Resilient Stars rise to the occasion again in Game 5 to clinch shot at Cup

EDMONTON — Who are these Dallas Stars, a team that doesn’t care who scores first, or who gets all the shots on net?

The Corsi, the Fenwick, the expected whatevers…

What does it say that you can chase the spread sheet the way the Stars do, and still become the Western Conference champions, in a tidy five-game series win over the Vegas Golden Knights?

“It says analytics are overrated,” said centre Tyler Seguin, a $9.85-million microcosm of what fuels the Stars, as the team’s highest paid player with just two playoff goals who has still managed to be a valuable contributor.

“It just says we find ways. We don’t care,” he continued. “Against Colorado it was kind of a goal-scoring match. This series was kind of more our style — 1-0, 2-1, 3-2, whatever it may be match. Whatever the game brings to us, it’s how we’re going to play. We just find ways to get the job done.”

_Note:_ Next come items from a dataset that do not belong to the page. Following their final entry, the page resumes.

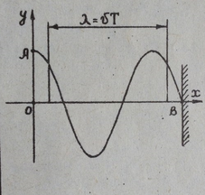 показывающего, что при отражении от закрепленного конца струны волна смещения частиц меняет знак. Она отстает по фазе на угол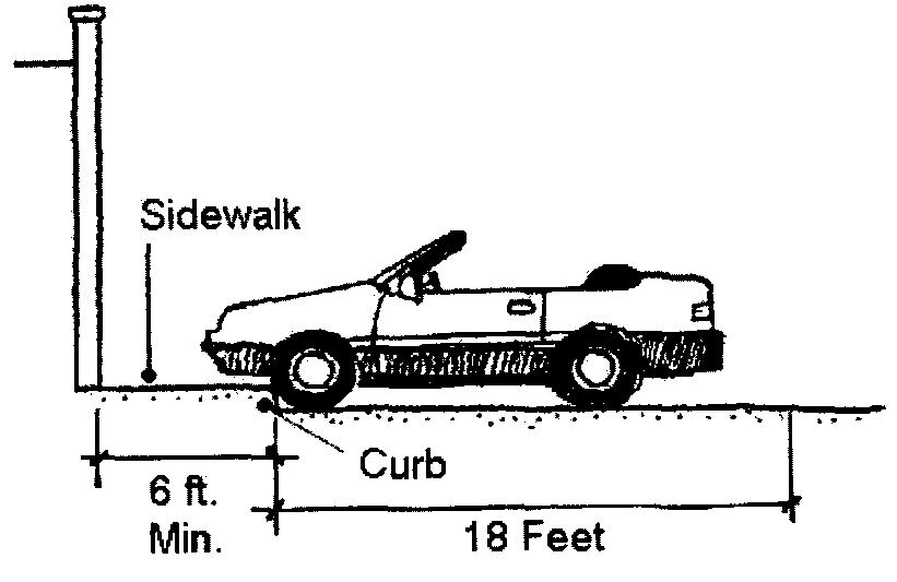 Parking spaces (not including parallel spaces) may be reduced to 18 feet in depth based upon the following exceptions: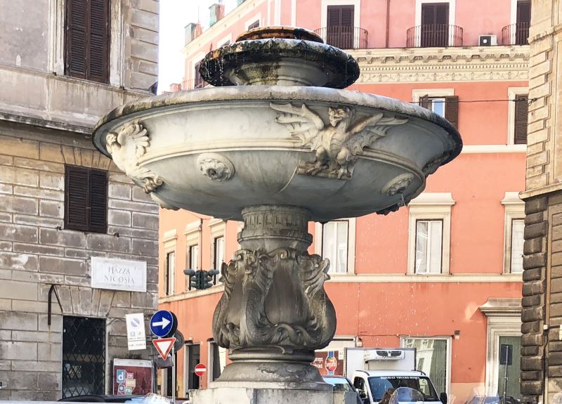 Progettata da Giacomo Della Porta (1533- 1602) nel 1572 e collocata in origine al centro di piazza del Popolo, la fontana di piazza Nicosia era una delle fontane pubbliche realizzate a Roma nel XVI secolo in seguito alla riattivazione dell’antico Acquedotto Vergine.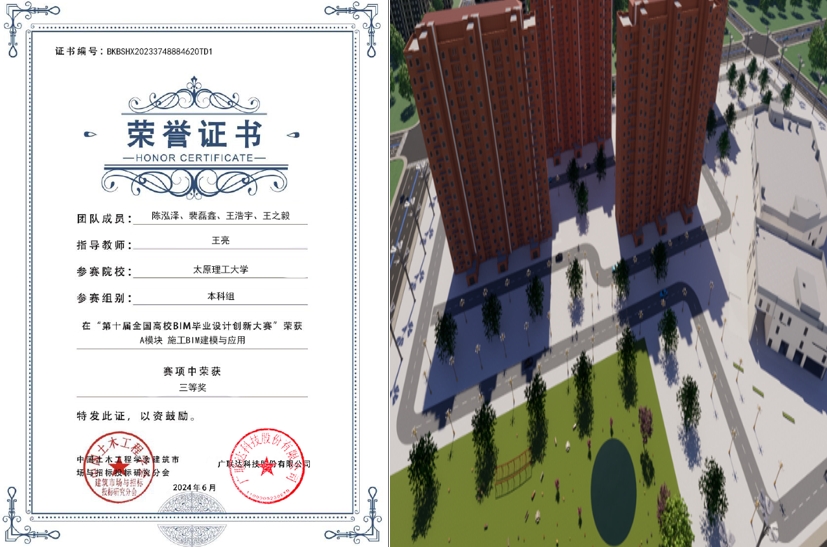 近期,由广联达公司主办的第10届全国高校BIM毕业设计创新大赛落下帷幕。经过激烈的角逐,在王亮等老师的精心指导下,公司取得了令人瞩目的成绩:荣获一等奖1项,三等奖3项以及优秀奖2项,充分展现了公司的创新实力与竞赛水平。
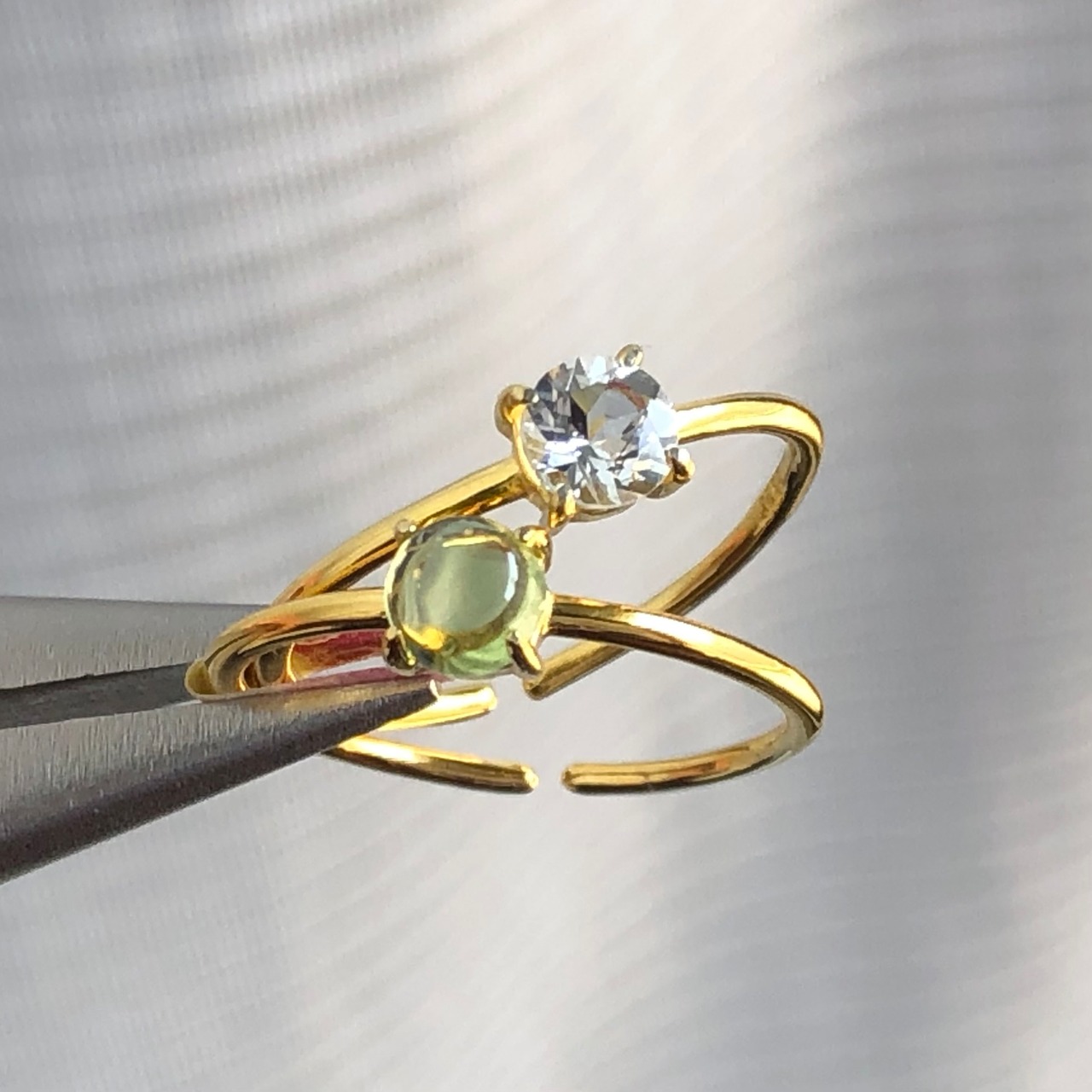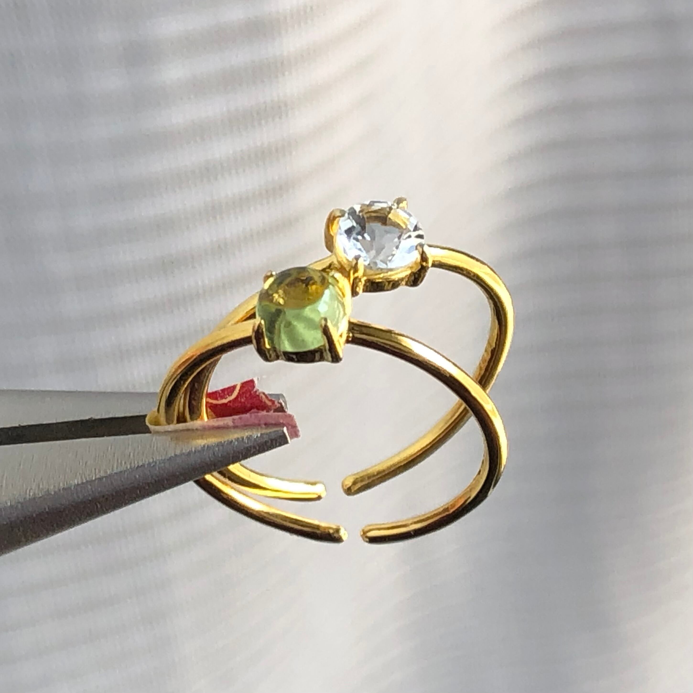 (ホワイトトパーズ4mm、ペリドット4mm)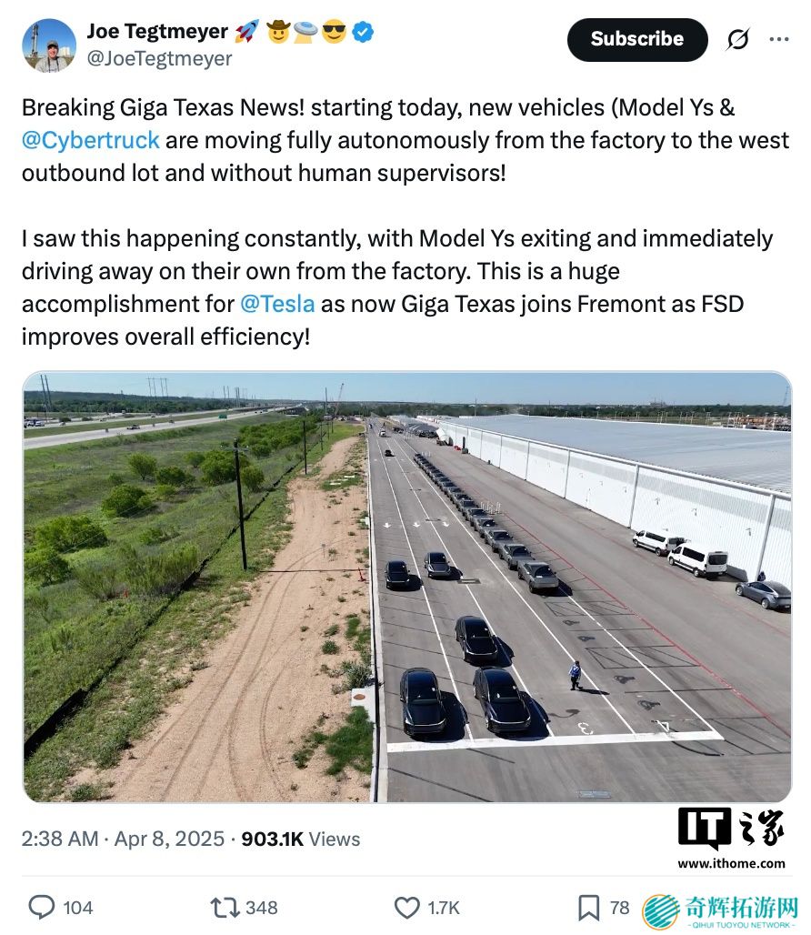 本站 4 月 8 日消息,特斯拉在几个月前宣布其在美国加州工厂出产的车辆已能自动驶向出厂区,而如今,该公司在得州超级工厂也迈出了同样的一步。据消息源 Joe Tegtmeyer 透露,其发现特斯拉已在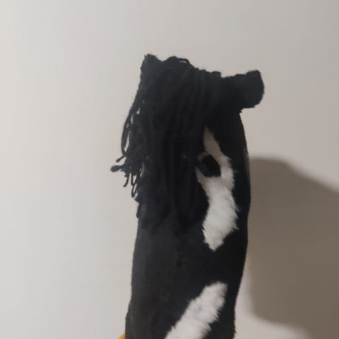 Kepinmitta n. 45 cm, maalattu ja lakattu pinkki, huolittelussa käytetty mustaa kutistesukkaa hännäntyvessä sekä kepinsuulla. Häntä harmaata mohair lankaa.

The latest recipe was penned in a series-closing, 3-2 overtime victory in which the Stars trailed Vegas 2-0 after Reilly Smith blew a wrist shot past Anton Khudobin just 15 seconds into the third period. In a Game 5, with the favoured Golden Knights flexing their muscles, it seemed inevitable that Dallas would have to come back again for their shot at the Clarence S. Campbell Bowl.

There was just too much hockey team on that Vegas bench to cough up a 2-0 lead in the third period of an elimination game, wasn’t there?

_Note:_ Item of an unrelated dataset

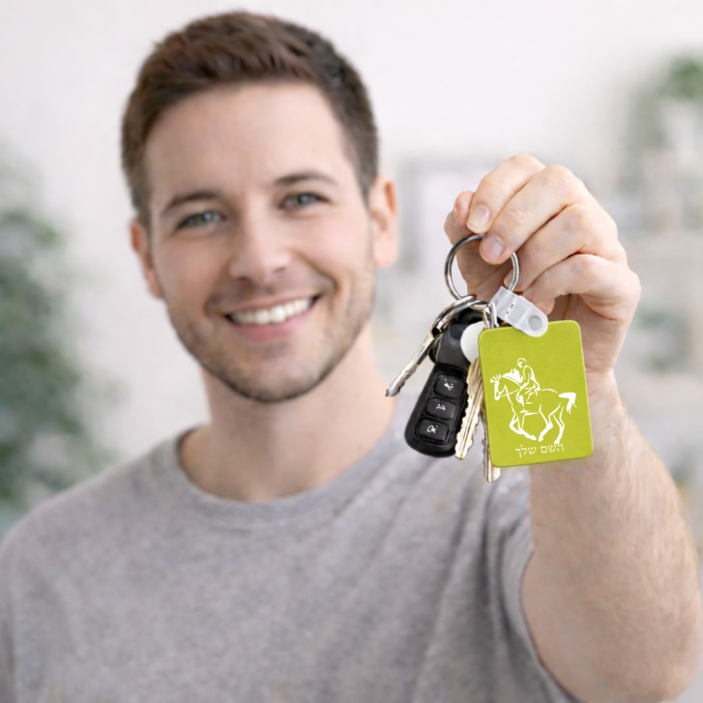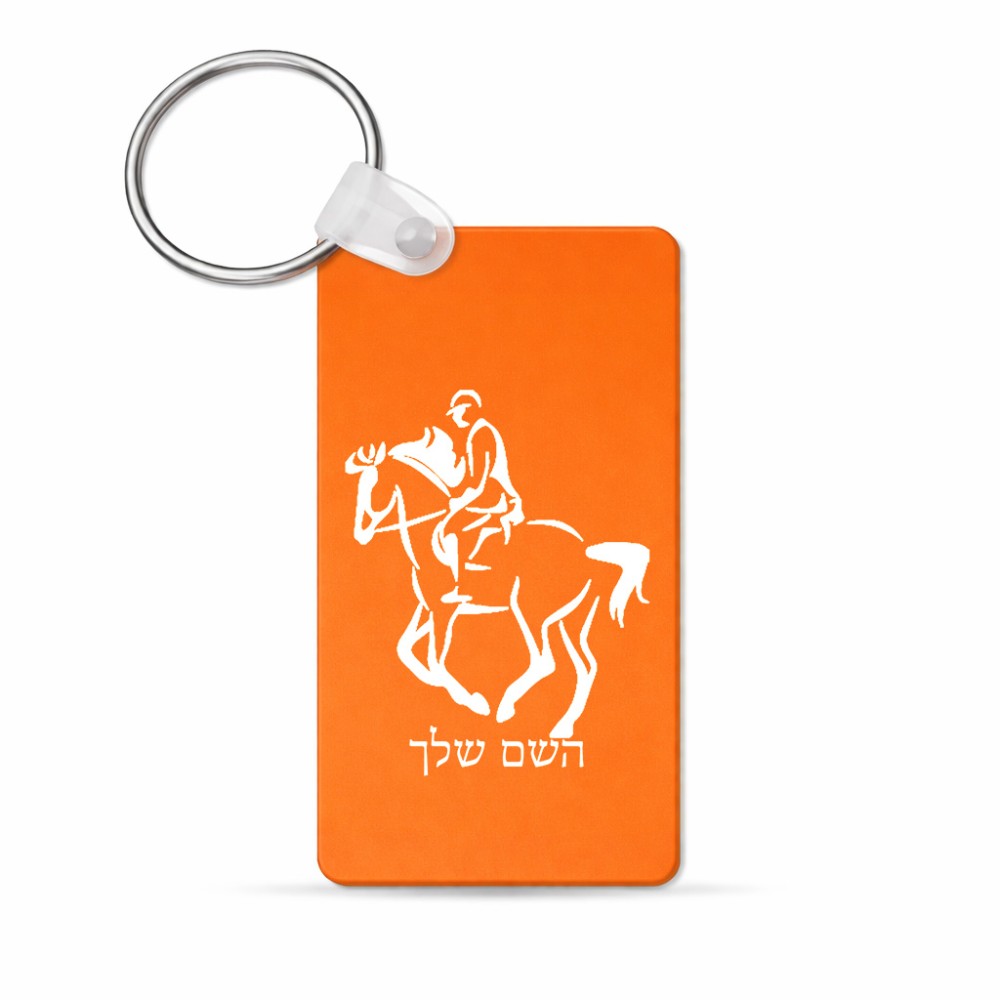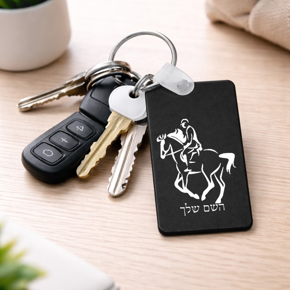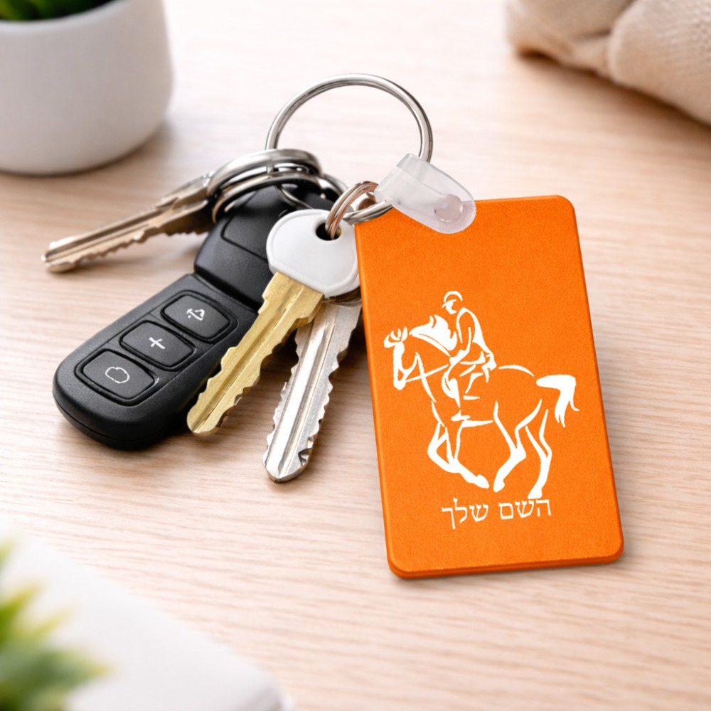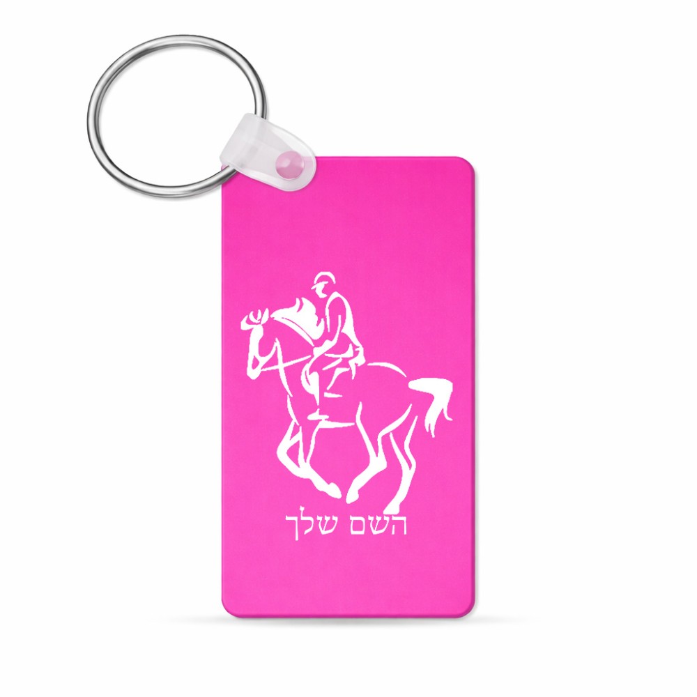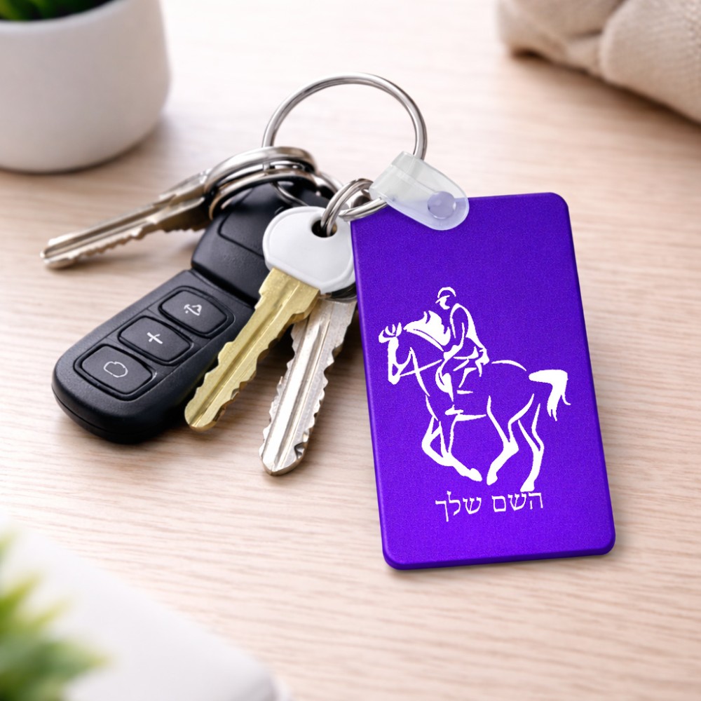 מחזיק מפתחות בצורת מלבן בעיצוב אישי עם השם שלך בעיצוב רוכב סוסים 2 גודל המחזיק 6 × 4 ס"מ. את השם המבוקש ניתן לציין בהזמנה, אם לא צויין אנחנו ניצור קשר לבירור.

Well, so we may have thought.

“Listen, you’re looking at shots against. We’re looking at chances against,” said Dallas head coach Rick Bowness. “Five-on-five, we were fine the whole series. They took a lot of outside shots? We’ll give them that.”

And as the third period continued, Dallas began to hold the play. Finally, Jamie Benn scored just before the halfway point. Then the upstart Joel Kiviranta roofed one from in tight, the first of two powerplay goals by Dallas’ second unit.

Somehow, the Stars dragged this one into overtime, where their relentless pressure caused Zach Whitecloud to chip a puck over the glass. And on the ensuing powerplay, with Vegas centre Paul Stastny having broken his stick, the young Russian stud Denis Gurianov one-timed a laser past Robin Lehner, winning the series and sending Dallas to its first Stanley Cup Final since the Year 2000.

“It’s a feeling you can’t describe,” Bowness said. “Words can’t describe the emotion that comes through. Any time you get here, people are paying an awful price. You need to be rewarded.

“You only get so many cracks at going to the Stanley Cup Final. You’ve got to take advantage of it. Kivi, is the future of the team. Denis, big overtime winner, future of the team. Roope [Hintz]… We’ve got a veteran group, but you also need your younger players to step up.”

During seven weeks in the bubble, the Brandon-born Whitecloud had emerged as an up-and-coming young player. But in the eighth week his Skate of Shame was epic, going from the penalty box to the handshake line in what must have felt like the worst moments of his hockey life.

“I feel terrible for the kid,” said his head coach, Peter DeBoer. “It’s such a [crappy] penalty to begin with. For that type of penalty to decide a game just doesn’t make sense to me. For me he has nothing to hang his head about. He played his ass off and played big and played heavy. He has a bright future ahead of him and has nothing to be ashamed of.”

That’s down the road. The immediate future for the Stars likely involves a meeting with the Tampa Bay Lightning.

You can be sure the Lightning — assuming they finish off the New York Islanders — will walk into that series a heavy favourites. And they’ll score some goals — though likely less than they expect — but by the third period they’ll look up at the score clock and see a game very much in the balance, with the Stars in their rearview mirror and gaining ground.

Because that’s the way the Stars play it. It’s the M.O.

“We always know it might take the whole game. There’s no panic,” said Seguin, whose Stars trailed Calgary by a 3-0 score early in what would end up being the Flames final game here in Edmonton, a 7-3 loss. “There’s composure, just knowing that we’re going to get the job done. We have key goals, big moments… Everything is falling in our favour right now.

“Belief. Our depth,” he said. “We always seem to rise to the occasion.”